While most of her female colleagues at the time practised in towns or worked as missionaries, Dr. Hennigar chose instead to take up a horse and buggy and become a travelling country doctor — the first woman in the Maritimes to do so.

The notion of a doctor making house calls may seem quaint today, but Dr. Hennigar’s experiences show it was anything but. Wildlife encounters and extreme weather were just two of the challenges. “My ‘Horse and Buggy Days’ were full to overflowing with hardships, thrills, dangers, determination and profit,” she wrote in a note near the end of her career. “In looking back, I would not have missed that period for a cool million.”

Born in Hants County, Nova Scotia, Dr. Hennigar funded her education at Dal with money she had saved up during her years as a schoolteacher in her home village of Noel.
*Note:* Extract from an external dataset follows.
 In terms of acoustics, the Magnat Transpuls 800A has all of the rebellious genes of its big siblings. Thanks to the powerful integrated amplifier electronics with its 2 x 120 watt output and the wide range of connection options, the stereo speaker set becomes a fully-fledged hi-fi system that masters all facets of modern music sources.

The historian of her med school class remembered Dr. Hennigar in the Dalhousie Gazette as someone who “never took cold feet no matter what the task,” which may explain why she thrived as a country doctor when she returned to Hants County.
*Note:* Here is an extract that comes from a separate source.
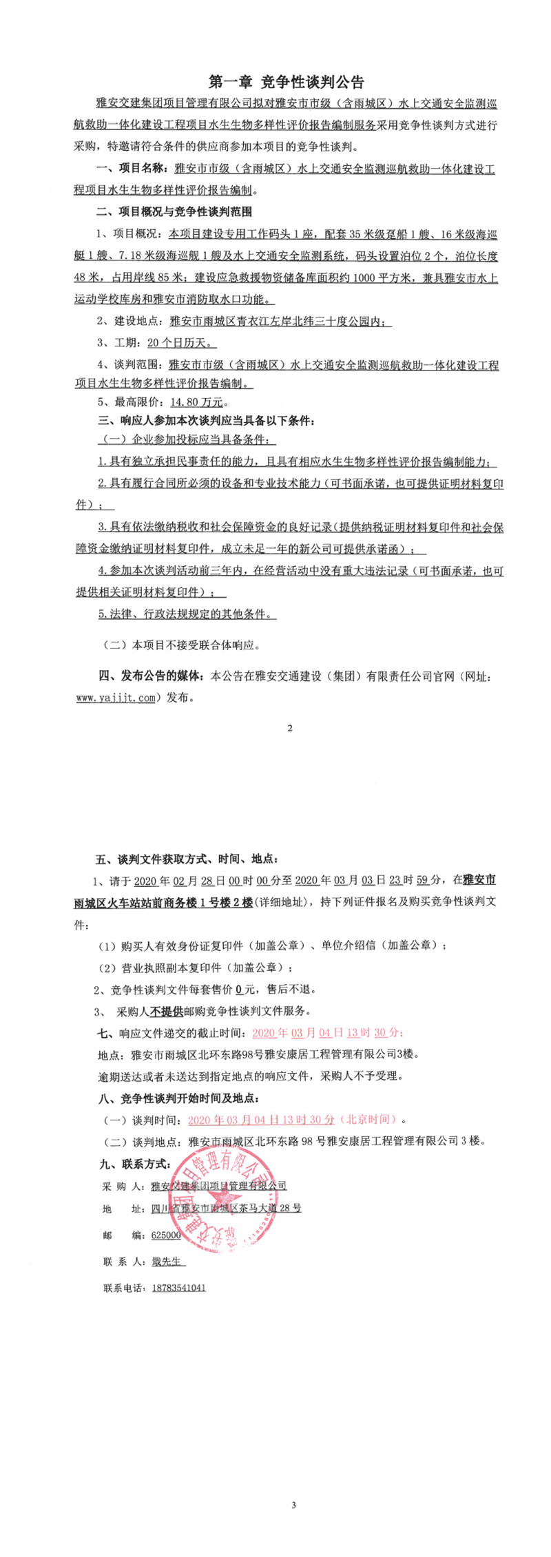 雅安交建集團項目管理有限公司雅安市市級(含雨城區(qū))水上交通安全監(jiān)測巡航救助一體化建設工程項目水生生物多樣性評價報告編制競爭性談判公告

“Amputations, fractures, dislocations, tonsillectomies, extraction of teeth, etc., all came my way and I was simply put on the spot as there was no one else to do it,” she would later recall.

In one case, Dr. Hennigar had to resort to using her own dining-room table to operate on a man whose hand had been chewed up in a threshing machine. With the help of an assistant and her husband, she managed to shift the man’s bones back into place and sew him up, preventing an infection and allowing for a full recovery. The man was one of many Nova Scotians who likely owe their lives to Dr. Hennigar.

At age 47, Dr. Hennigar decided to open a practice in Noel, where she worked until just before her death 30 years later in 1950. She was always interested in the younger generation of women studying medicine at Dal after her, encouraging them to “get out in country where you are so urgently needed, especially if you are not afraid of work and enjoy an outdoor life.”